En raison de ce ressentiment, certains décident même de revenir en France. Ceux qui restent en Belgique se font bien silencieux sur leurs longs mois d’exil. Dans la mémoire collective, une chape de plomb entoure cet exode : "Cela se manifeste dans les écrits et sur les monuments. Il n’y a aucune allusion aux réfugiés sauf sur le monument de Sainte-Adresse où de chaque côté du roi des Belges, il y a une fresque avec des soldats belges et des réfugiés". Pour Jean-Pierre Popelier, cet oubli de l’histoire s’explique également par le poids de la Seconde Guerre mondiale. L’exode de juin 1940 a complètement occulté celui de 1914 : "Il est encore plus important car il touche huit millions de personnes.

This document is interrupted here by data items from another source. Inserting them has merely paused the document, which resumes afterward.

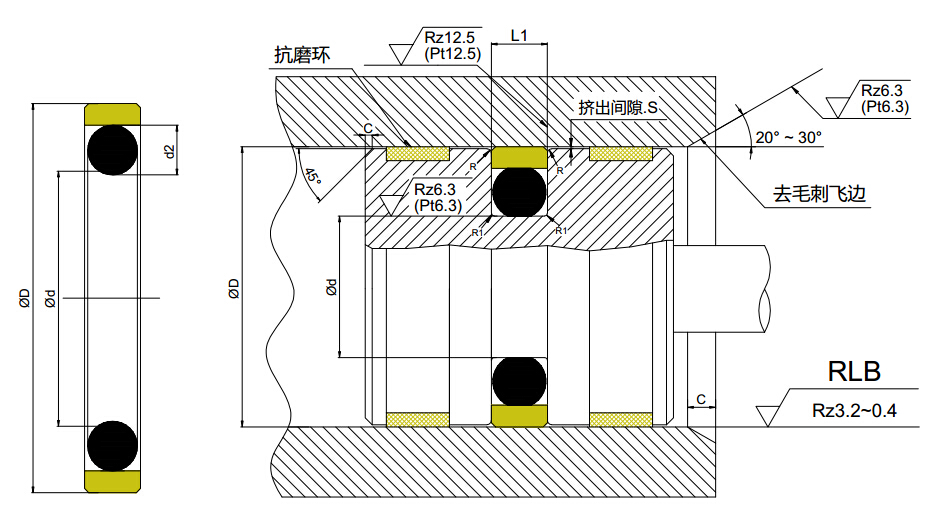 滑動(dòng)材料用填充聚四氟乙烯,此密封件具有很低的摩擦阻力,消除了爬行,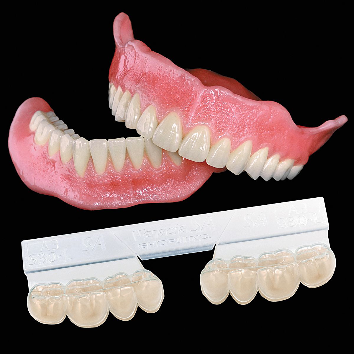 The semi-anatomical Veracia SA denture teeth line takes into account the wear of the remaining natural teeth to provide a symbiosis of natural esthetics and function. The functional characteristics of the teeth are adopted, precisely predetermined and marked with abrasion zones. The result is said to be measurably enhanced chewing performance and pleasant wearing comfort with the stabilized denture, while subjecting the jaw to less stress. Balanced, lingualized, tooth-to-tooth or tooth-to-two-teeth occlusion can be achieved.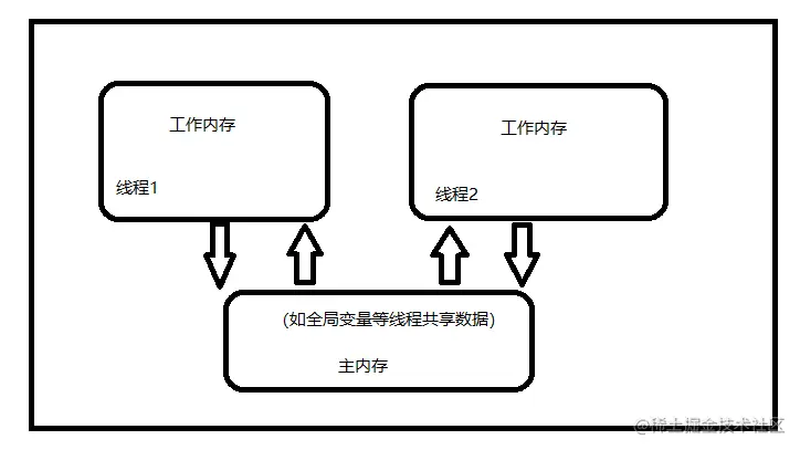 对于堆内内存,又分为工作内存和主内存,工作内存属于线程私有,主内存数据线程公有,例如可以存储一些全局变量等数据。所以当线程公有的时候,如果线程 1 和线程 2 同时进行某个共享变量的读写的时候,就会出现数据异常,因此内存模型会涉及到三个概念:可见性、原子性和指令重排序(非本文重点可自行学习)。

Les Hollandais se joignent aux Belges et arrivent en France. Cela va durer un mois et demi. C’est plus près de nous, on s’en souvient".
Désireux de maintenir le souvenir de ces réfugiés, ce passeur de mémoire entre la Belgique et la France tente de recueillir des témoignages sur cette période : "Si dans les greniers, les gens retrouvent des traces de leurs arrières-grands-parents, on est preneur ! On a vraiment oublié que les civils belges sont les grands malheureux de cette guerre".